ACTIVITY:
Reproduce exactly the lines from the one containing "이더리움(ETH)은 달러 마진" through the last line of the records below, both included. Leave out any pictures.

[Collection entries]
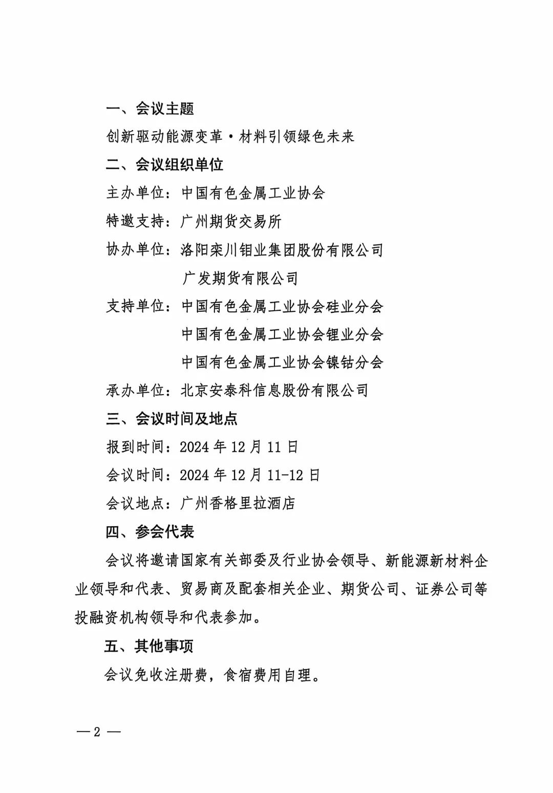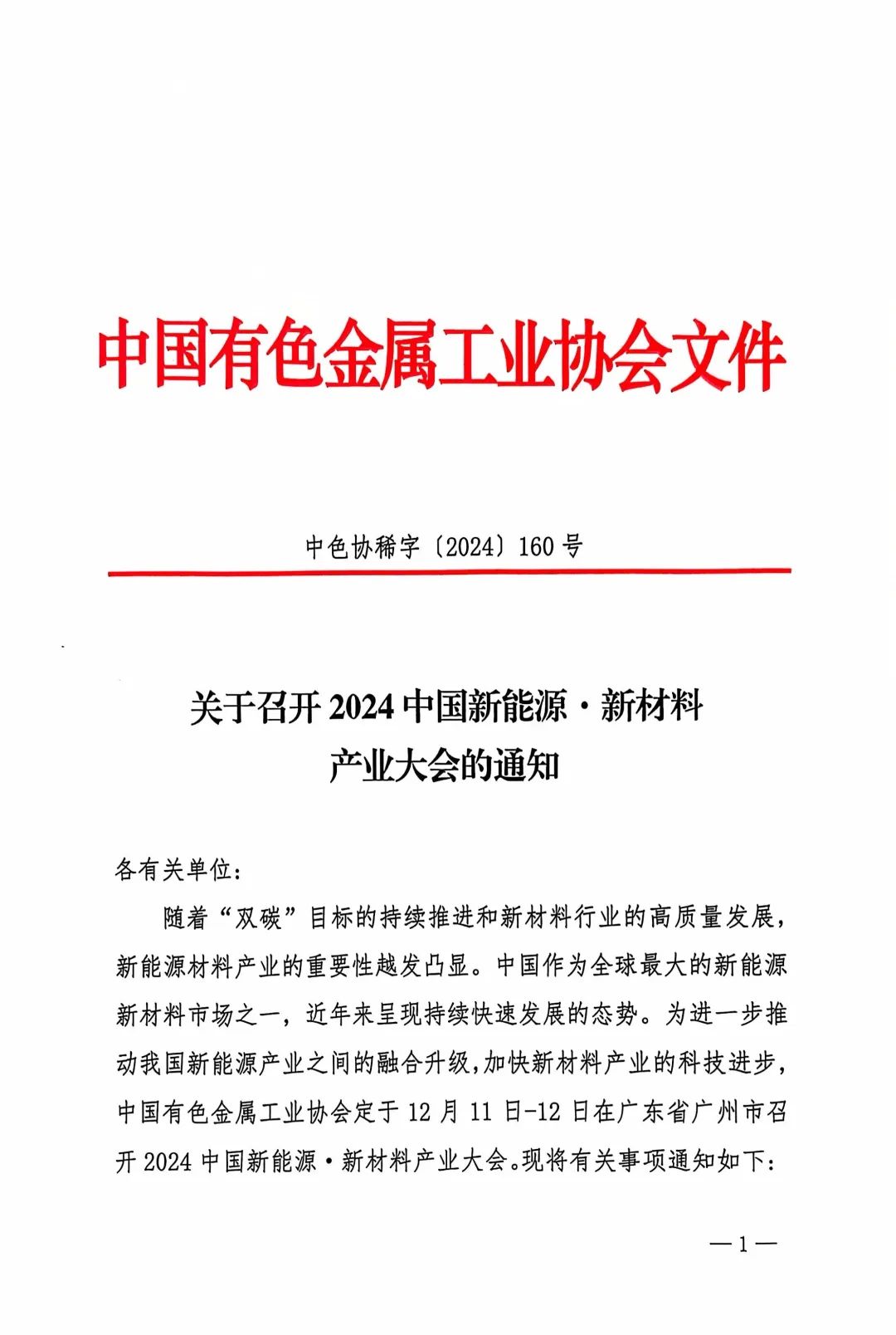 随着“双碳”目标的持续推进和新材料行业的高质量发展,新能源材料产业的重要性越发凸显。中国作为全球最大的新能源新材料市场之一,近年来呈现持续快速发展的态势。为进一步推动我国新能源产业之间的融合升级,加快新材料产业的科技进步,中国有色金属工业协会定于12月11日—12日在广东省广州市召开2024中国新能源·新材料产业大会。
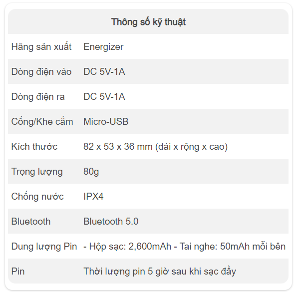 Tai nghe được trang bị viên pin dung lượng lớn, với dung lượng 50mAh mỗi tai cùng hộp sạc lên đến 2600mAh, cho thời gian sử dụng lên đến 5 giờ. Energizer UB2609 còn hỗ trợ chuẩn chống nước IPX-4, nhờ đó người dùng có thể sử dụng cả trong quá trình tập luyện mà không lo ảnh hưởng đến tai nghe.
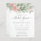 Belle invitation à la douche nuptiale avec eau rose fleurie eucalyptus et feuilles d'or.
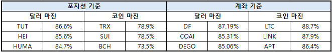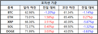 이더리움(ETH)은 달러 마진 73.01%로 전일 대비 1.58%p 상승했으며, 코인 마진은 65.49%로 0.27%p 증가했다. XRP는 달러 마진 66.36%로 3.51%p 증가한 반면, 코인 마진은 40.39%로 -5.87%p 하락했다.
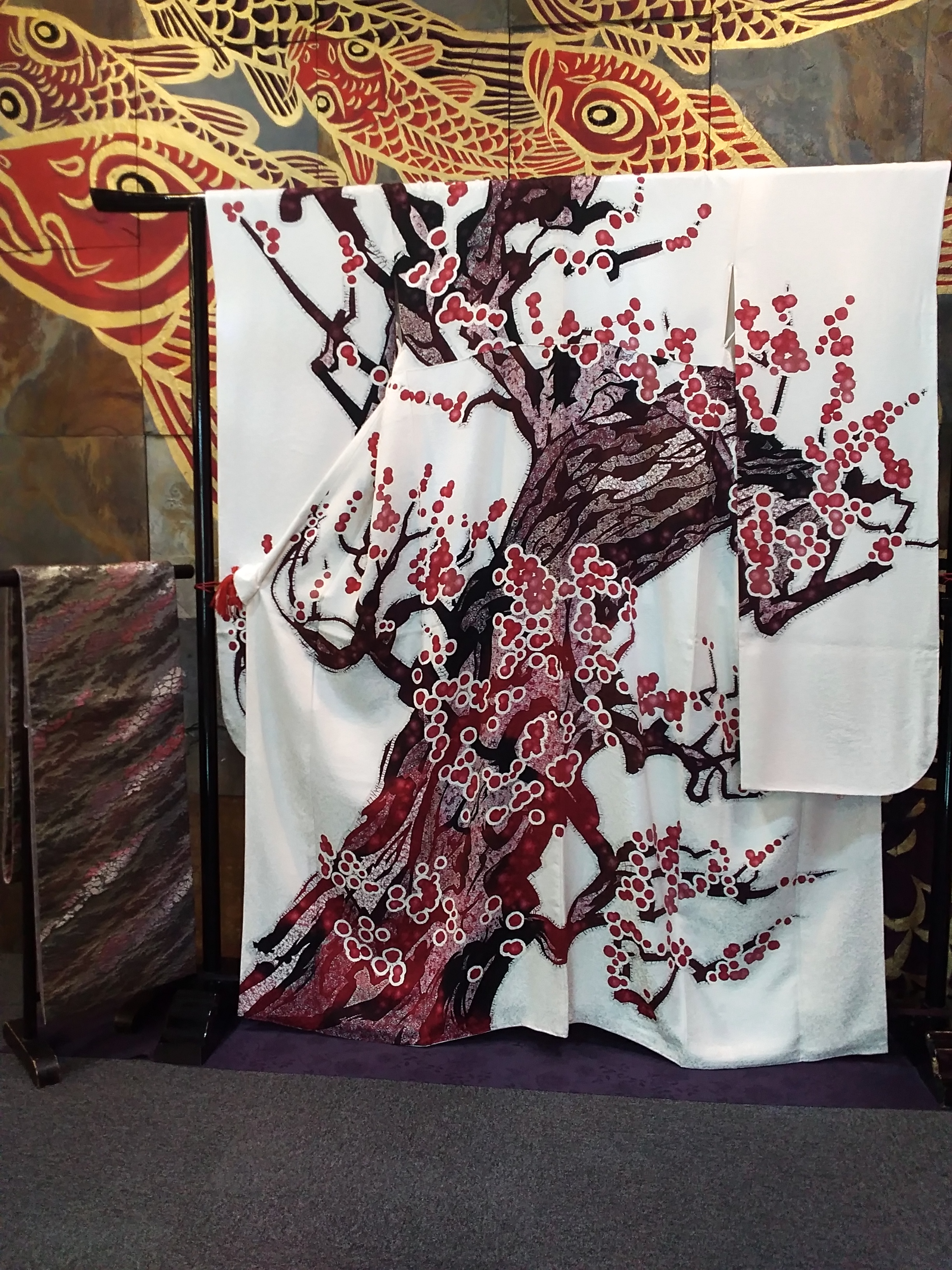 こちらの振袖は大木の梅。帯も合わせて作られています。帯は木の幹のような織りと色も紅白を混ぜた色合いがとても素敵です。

WRITTEN REPLY:
 이더리움(ETH)은 달러 마진 73.01%로 전일 대비 1.58%p 상승했으며, 코인 마진은 65.49%로 0.27%p 증가했다. XRP는 달러 마진 66.36%로 3.51%p 증가한 반면, 코인 마진은 40.39%로 -5.87%p 하락했다.
 こちらの振袖は大木の梅。帯も合わせて作られています。帯は木の幹のような織りと色も紅白を混ぜた色合いがとても素敵です。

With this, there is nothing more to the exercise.